About this exercise: The lines below, from the one containing "Тумба напольная с" through the one containing "Γυναικεία Μπλούζα Μπλε", should be set down exactly, with no pictures and nothing else.

Records:
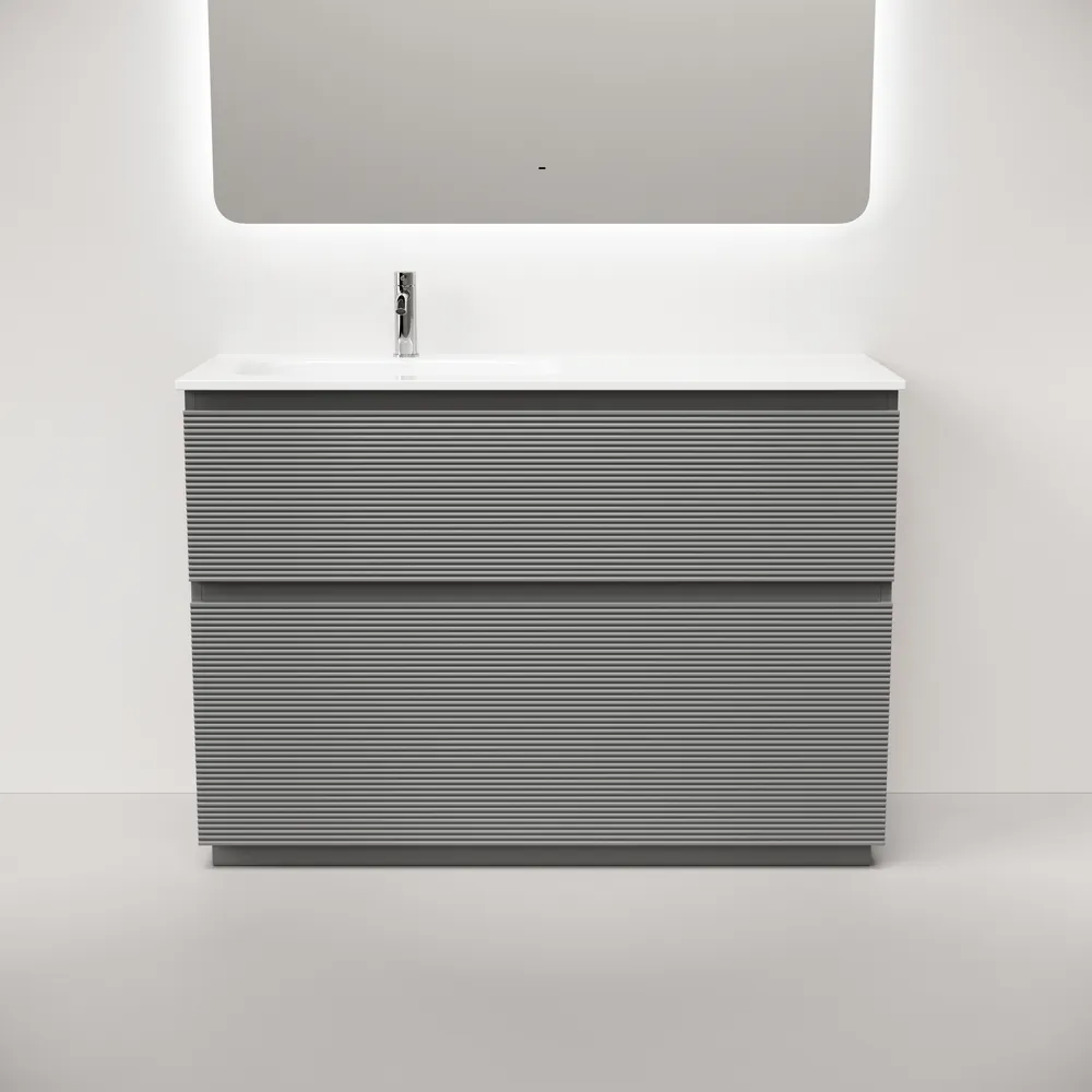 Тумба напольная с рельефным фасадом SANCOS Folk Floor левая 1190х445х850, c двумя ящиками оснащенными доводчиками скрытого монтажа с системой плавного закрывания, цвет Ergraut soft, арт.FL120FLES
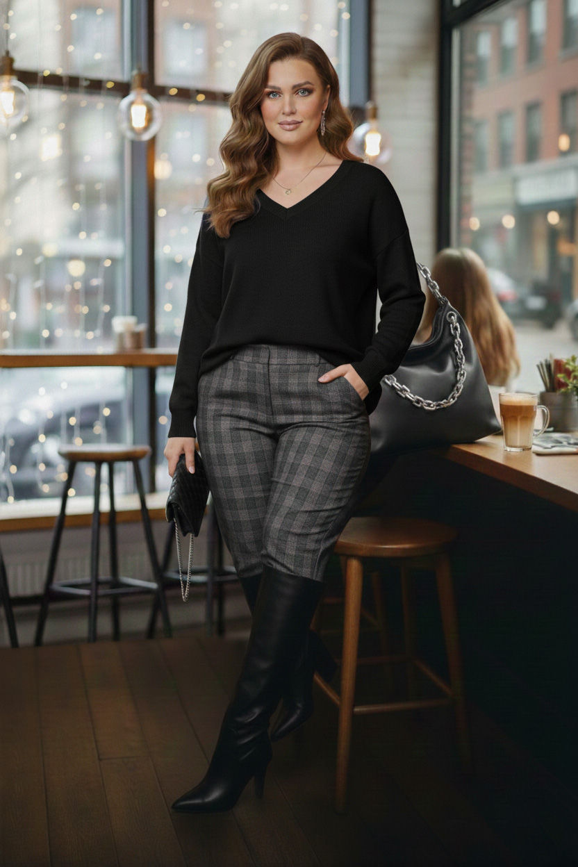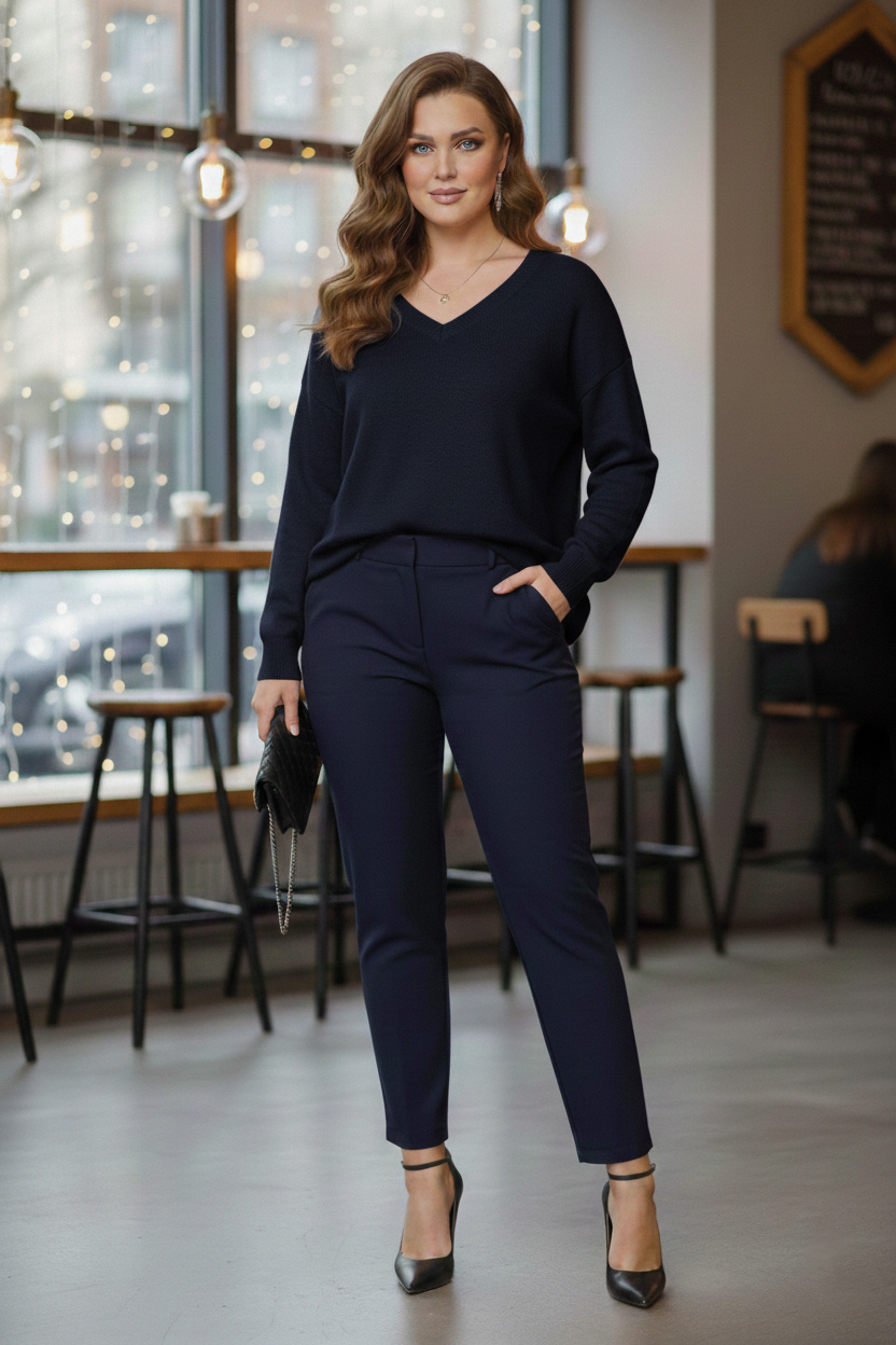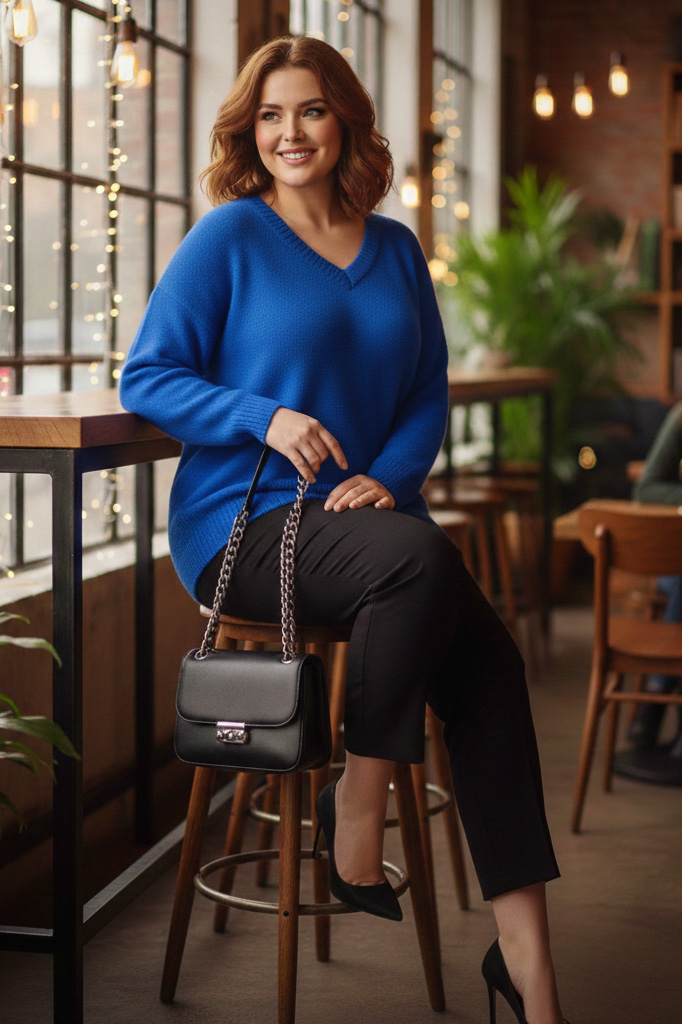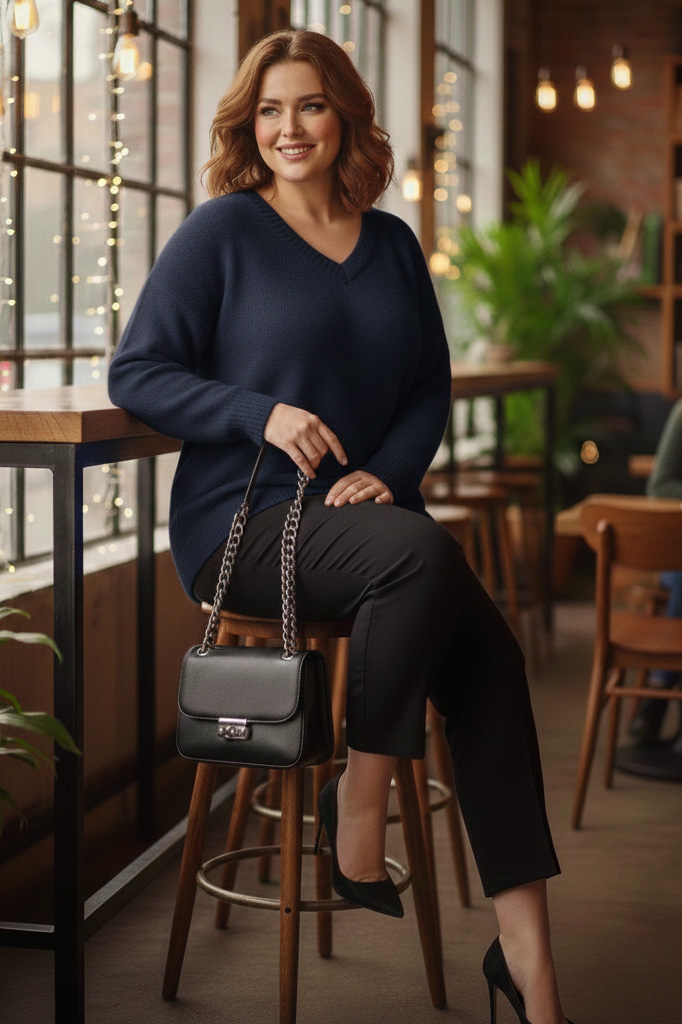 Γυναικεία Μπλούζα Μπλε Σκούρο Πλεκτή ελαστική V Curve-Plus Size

---

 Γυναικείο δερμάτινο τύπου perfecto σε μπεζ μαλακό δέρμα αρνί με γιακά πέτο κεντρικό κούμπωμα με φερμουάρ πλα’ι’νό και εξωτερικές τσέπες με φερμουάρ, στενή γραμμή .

Exercise answer:
 Тумба напольная с рельефным фасадом SANCOS Folk Floor левая 1190х445х850, c двумя ящиками оснащенными доводчиками скрытого монтажа с системой плавного закрывания, цвет Ergraut soft, арт.FL120FLES
 Γυναικεία Μπλούζα Μπλε Σκούρο Πλεκτή ελαστική V Curve-Plus Size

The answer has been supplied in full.